■ **YOUR INSTRUCTIONS**: Restate, word for word and with no pictures, the stretch of lines in the data below that begins at the line with "这组写真的造型堪称点睛之笔。" and ends at the line with "Условие прочности при", inclusive.
### GIVEN RECORDS ###
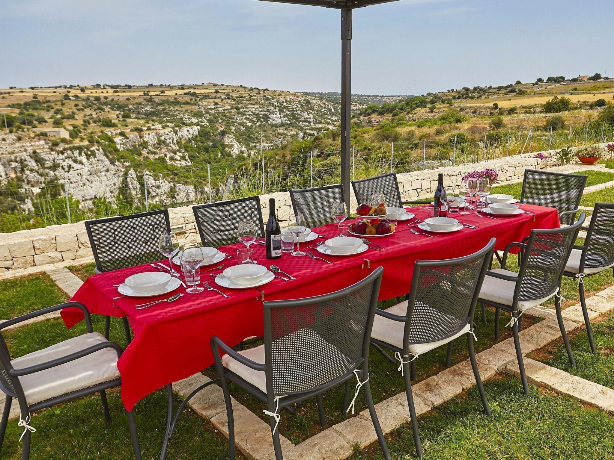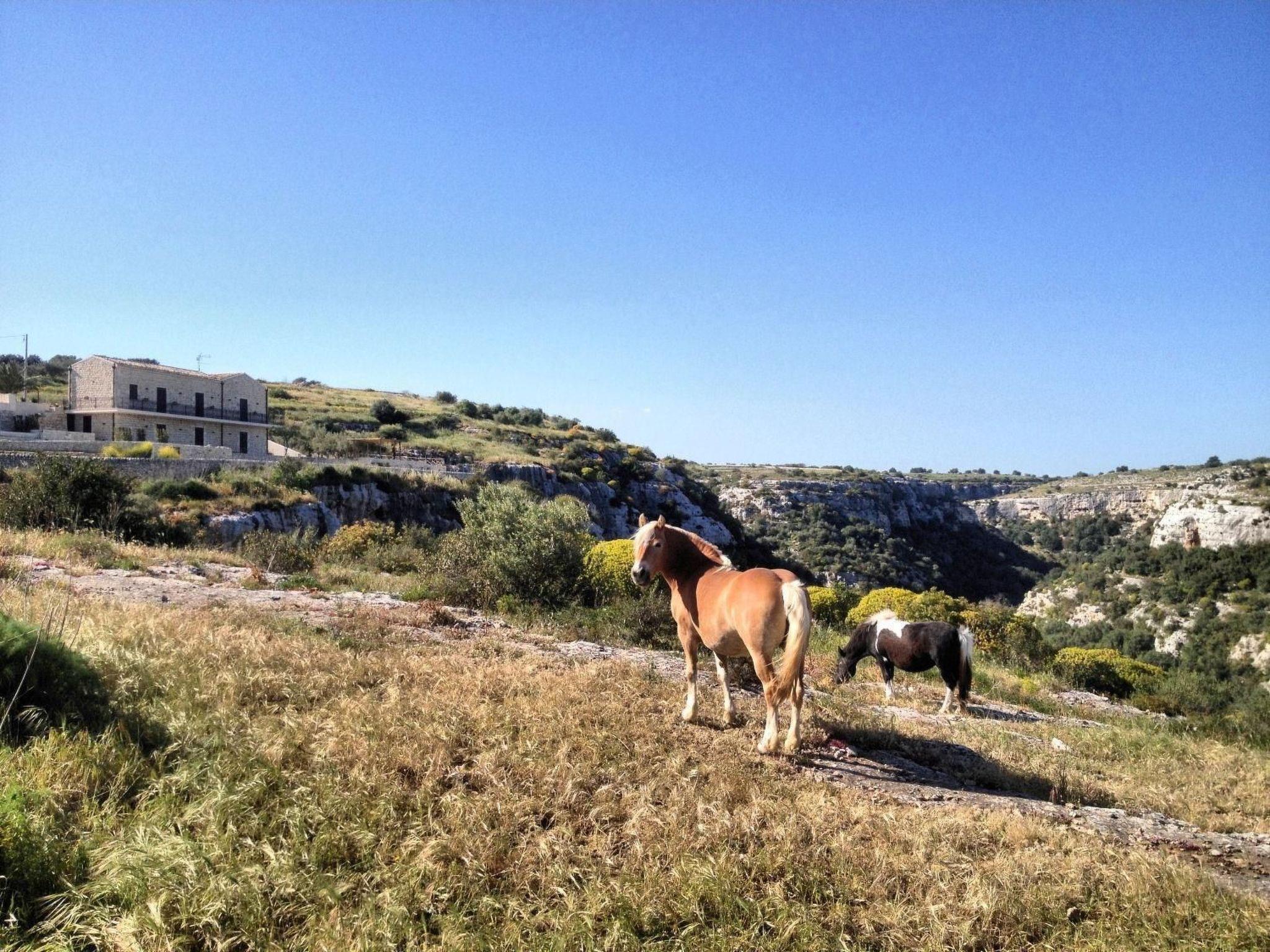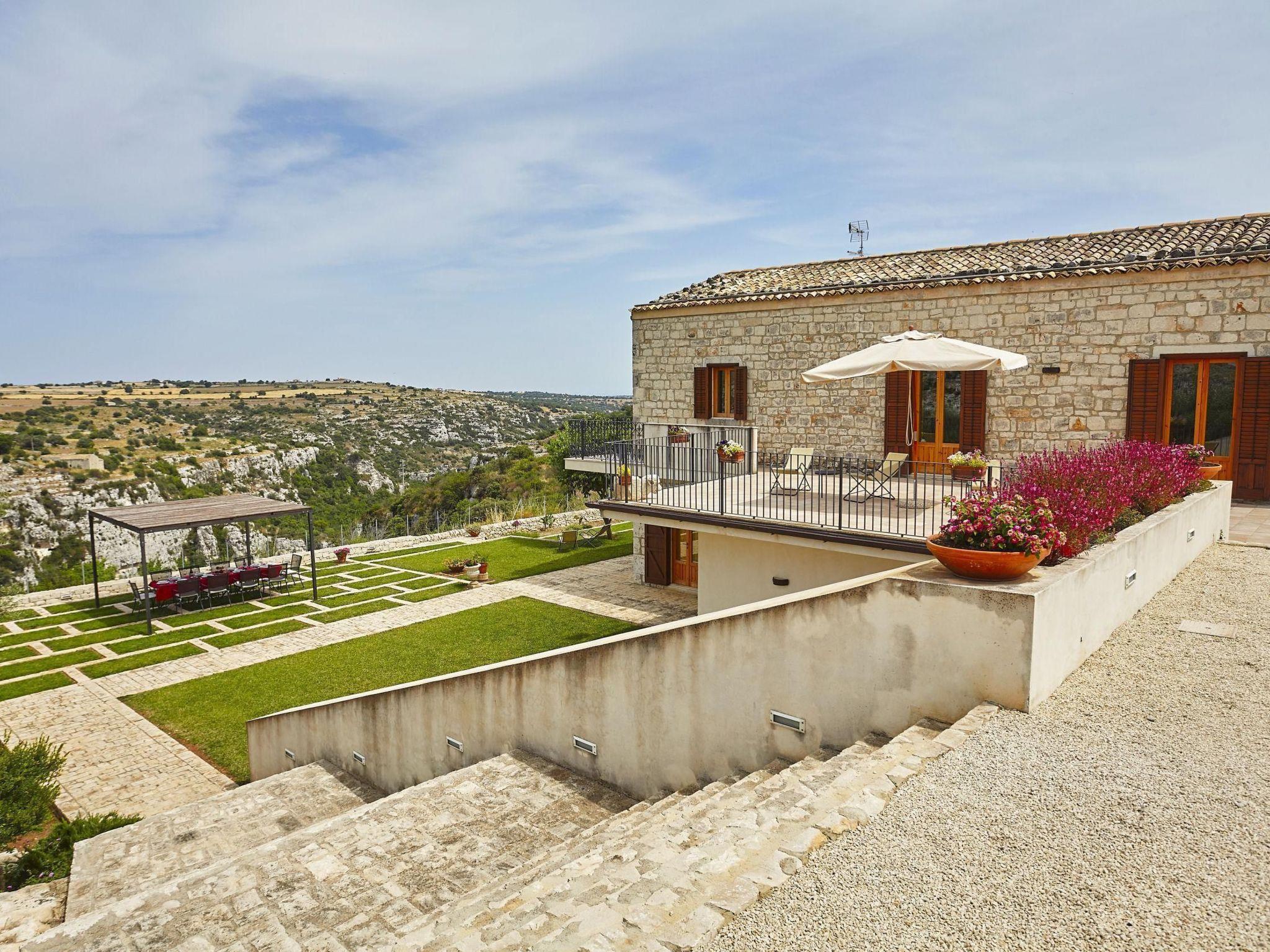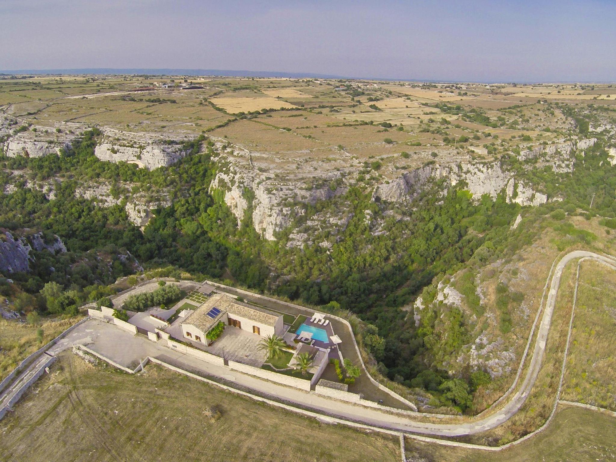 The villa is situated on a rocky outcrop overlooking the picturesque rock settlement of Castello, in an unusual and exclusive location. The house is located above the Cava d'Ispica gorge and thus offers a unique view of the 13 km long valley, which is home to numerous archaeological finds and important Mediterranean flora and fauna.
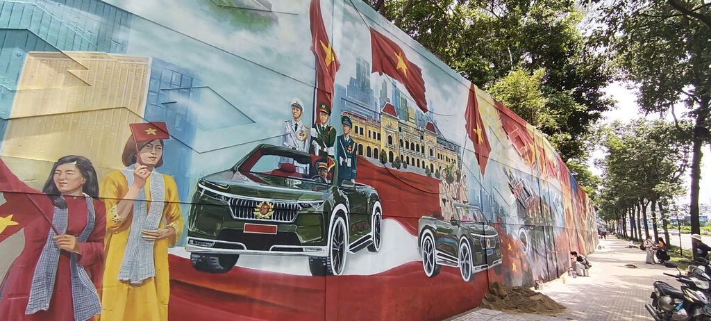 La fresque retrace avec force et vivacité le parcours allant de l’aéroport de Biên Hòa jusqu’à l’image imposante des 36 formations de la parade militaire, pour se conclure par un feu d’artifice éclatant sur le quai de Bạch Dang. Chaque coup de pinceau transmet un message de patriotisme, ravivant fierté et reconnaissance envers le glorieux passé de la nation.
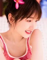 这组写真的造型堪称点睛之笔。毛晓彤选择了充满复古与俏皮感的红白格纹泳衣,搭配上标志性的“哪吒头”双丸子发型,并在发间别上一朵醒目的红色小花。这个造型细节立刻让她显得亲切又可爱,充满了邻家女孩般的活力。齐刘海下,她的一双明眸清澈有神,时而直视镜头,时而微微侧目,顾盼生辉。
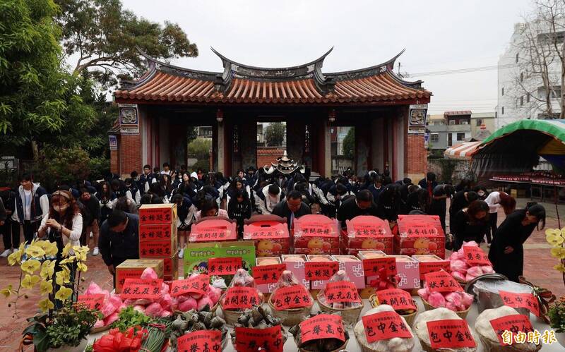 學測將登場一中「抬青蕉」 台中多校文昌廟祈福供品大陣仗
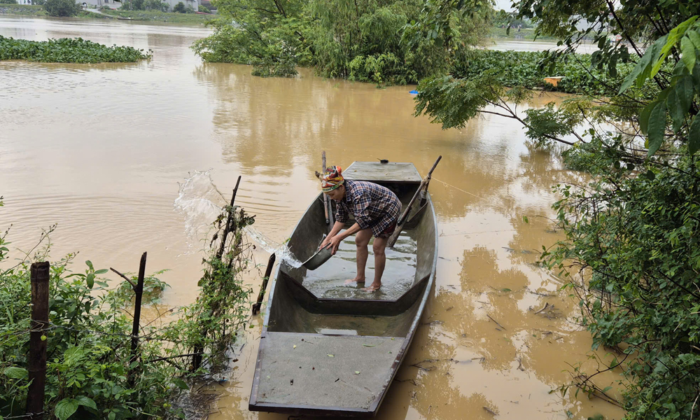 Nhiều hộ dân cũng chuẩn bị thuyền để di chuyển khi ngập lụt. Nhà máy xí nghiệp gạch Hải Phú, tổ dân phố Mỹ Tượng còn tự huy động máy bơm công suất lớn, bơm nước chống ngập, bảo vệ sản xuất.
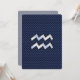A silver chrome like Aquarius Zodiac symbol on a navy blue print background. A modern urban racy design for a great custom birthday gift idea.
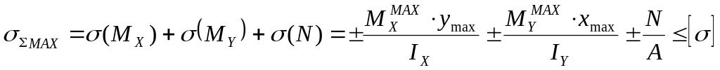 Условие прочности при косом изгибе с растяжением-сжатием имеет следующий вид:
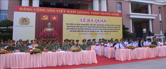 Lễ ra quân thực hiện cao điểm phòng ngừa, phát hiện, ngăn chặn và trấn áp tội phạm, bảo đảm an ninh trật tự dịp Tết Nguyên đán Bính Ngọ 2026. Ảnh: Huyền Trang/TTXVN
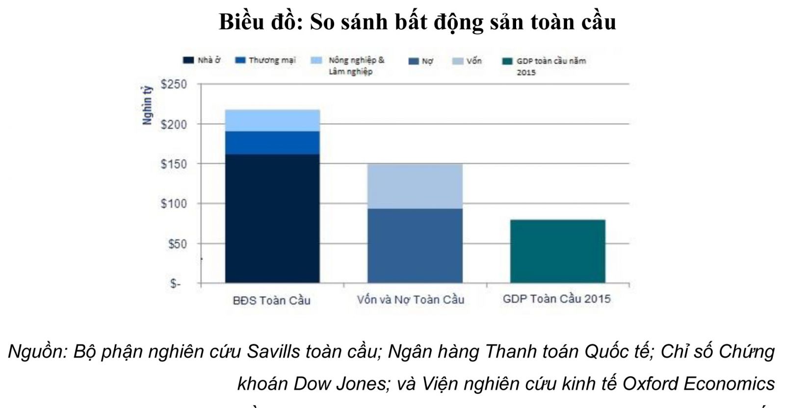 Giá trị bất động sản toàn cầu trong năm 2 015 (với 75% là bất động sản nhà ở) cao gấp 2,7 lần Tổng sản phẩm quốc nội (GDP) toàn cầu, tương đương chiếm khoảng 60% tổng lượng tài sản của thế giới. Bất động sản cũng đại diện cho trữ lượng tài sản quan trọng của mỗi quốc gia, doanh nghiệp và cá nhân.
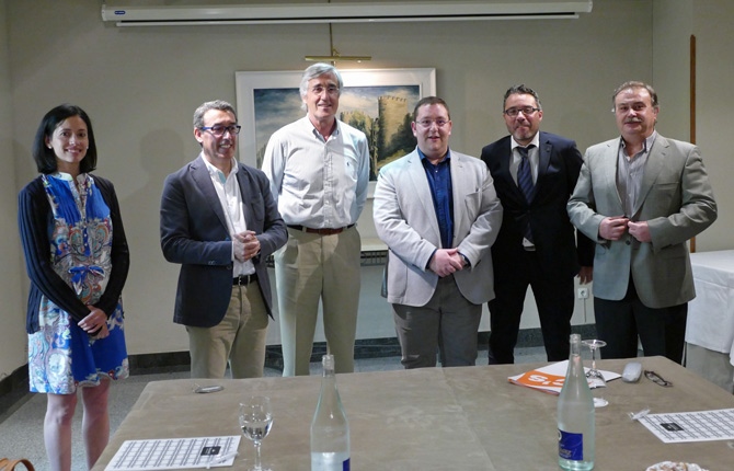 El presidente provincial de los populares, Antolín Sanz; el candidato a la alcaldía, José Luis Rivas; y la teniente de alcalde en funciones y concejal electa, Patricia Rodríguez, por un lado; y, por otro, los tres primeros integrantes de la lista de Ciudadanos y ediles electos: Marco Antonio Serrano, José Carlos Álvarez y Pedro Cabrero.
###
■ **TASK SOLUTION**:
 这组写真的造型堪称点睛之笔。毛晓彤选择了充满复古与俏皮感的红白格纹泳衣,搭配上标志性的“哪吒头”双丸子发型,并在发间别上一朵醒目的红色小花。这个造型细节立刻让她显得亲切又可爱,充满了邻家女孩般的活力。齐刘海下,她的一双明眸清澈有神,时而直视镜头,时而微微侧目,顾盼生辉。
 學測將登場一中「抬青蕉」 台中多校文昌廟祈福供品大陣仗
 Nhiều hộ dân cũng chuẩn bị thuyền để di chuyển khi ngập lụt. Nhà máy xí nghiệp gạch Hải Phú, tổ dân phố Mỹ Tượng còn tự huy động máy bơm công suất lớn, bơm nước chống ngập, bảo vệ sản xuất.
A silver chrome like Aquarius Zodiac symbol on a navy blue print background. A modern urban racy design for a great custom birthday gift idea.
 Условие прочности при косом изгибе с растяжением-сжатием имеет следующий вид:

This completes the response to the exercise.